◆ **INPUT DATA**:
★ ★ ★

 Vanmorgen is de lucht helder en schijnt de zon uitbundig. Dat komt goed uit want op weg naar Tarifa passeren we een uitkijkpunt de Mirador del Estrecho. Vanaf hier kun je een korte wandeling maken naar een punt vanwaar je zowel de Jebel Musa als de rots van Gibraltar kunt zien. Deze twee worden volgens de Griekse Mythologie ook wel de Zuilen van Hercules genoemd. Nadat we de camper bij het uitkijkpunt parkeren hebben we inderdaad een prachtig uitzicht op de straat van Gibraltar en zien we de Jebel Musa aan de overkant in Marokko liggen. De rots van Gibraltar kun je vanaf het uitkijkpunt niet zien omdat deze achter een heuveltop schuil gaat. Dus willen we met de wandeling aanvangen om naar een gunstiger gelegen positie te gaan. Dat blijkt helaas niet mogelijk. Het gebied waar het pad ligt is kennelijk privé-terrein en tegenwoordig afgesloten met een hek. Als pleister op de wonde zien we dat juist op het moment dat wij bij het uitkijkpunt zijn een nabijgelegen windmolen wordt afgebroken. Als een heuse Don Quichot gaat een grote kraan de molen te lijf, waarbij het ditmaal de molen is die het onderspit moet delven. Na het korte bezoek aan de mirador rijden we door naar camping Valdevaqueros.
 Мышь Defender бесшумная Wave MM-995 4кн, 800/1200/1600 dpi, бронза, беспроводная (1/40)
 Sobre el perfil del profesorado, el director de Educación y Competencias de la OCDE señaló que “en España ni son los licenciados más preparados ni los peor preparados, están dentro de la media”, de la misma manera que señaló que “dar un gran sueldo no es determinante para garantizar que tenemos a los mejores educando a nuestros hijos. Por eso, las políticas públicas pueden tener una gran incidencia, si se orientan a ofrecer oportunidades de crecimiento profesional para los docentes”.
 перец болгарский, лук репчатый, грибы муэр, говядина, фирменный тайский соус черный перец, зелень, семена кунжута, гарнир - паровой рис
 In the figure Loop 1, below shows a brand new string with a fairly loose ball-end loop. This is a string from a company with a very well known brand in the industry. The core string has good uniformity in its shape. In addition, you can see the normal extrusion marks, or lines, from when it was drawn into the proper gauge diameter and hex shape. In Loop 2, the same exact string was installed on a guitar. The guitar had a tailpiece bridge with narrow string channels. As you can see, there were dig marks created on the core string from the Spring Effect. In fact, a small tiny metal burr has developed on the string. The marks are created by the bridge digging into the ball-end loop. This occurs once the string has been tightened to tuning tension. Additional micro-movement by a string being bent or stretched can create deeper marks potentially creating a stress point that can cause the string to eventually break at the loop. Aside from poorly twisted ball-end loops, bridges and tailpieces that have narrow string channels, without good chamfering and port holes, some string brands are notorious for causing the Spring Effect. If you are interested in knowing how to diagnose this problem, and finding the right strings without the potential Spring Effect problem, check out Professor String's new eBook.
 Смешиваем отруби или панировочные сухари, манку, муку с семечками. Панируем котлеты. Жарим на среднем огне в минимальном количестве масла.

★ ★ ★

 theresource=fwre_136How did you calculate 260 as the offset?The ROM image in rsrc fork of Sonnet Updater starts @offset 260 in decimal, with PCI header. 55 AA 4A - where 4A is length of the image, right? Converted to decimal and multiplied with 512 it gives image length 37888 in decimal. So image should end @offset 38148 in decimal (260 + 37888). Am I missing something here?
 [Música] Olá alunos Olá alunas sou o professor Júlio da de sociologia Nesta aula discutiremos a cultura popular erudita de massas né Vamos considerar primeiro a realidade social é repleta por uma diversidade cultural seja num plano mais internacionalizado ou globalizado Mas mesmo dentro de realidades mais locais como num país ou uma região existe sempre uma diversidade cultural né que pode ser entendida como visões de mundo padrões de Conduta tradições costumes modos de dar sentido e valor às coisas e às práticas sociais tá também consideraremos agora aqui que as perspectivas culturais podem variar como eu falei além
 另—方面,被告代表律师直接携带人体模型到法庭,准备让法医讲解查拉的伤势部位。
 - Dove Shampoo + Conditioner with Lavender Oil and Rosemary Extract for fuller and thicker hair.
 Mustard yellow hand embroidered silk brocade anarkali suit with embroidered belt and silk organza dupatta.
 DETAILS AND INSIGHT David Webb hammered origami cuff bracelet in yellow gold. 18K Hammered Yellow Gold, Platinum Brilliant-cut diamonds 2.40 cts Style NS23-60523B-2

★ ★ ★

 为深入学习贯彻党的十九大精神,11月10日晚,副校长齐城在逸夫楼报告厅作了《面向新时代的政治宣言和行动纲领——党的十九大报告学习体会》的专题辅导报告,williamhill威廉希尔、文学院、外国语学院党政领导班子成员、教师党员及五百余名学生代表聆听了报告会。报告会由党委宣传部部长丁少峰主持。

★ ★ ★

◆ **WHAT TO PRODUCE**: Every line of the data above that contains the word "yellow" should be counted; please give the total alone.

◆ **SOLUTION TO THE EXERCISE**: 2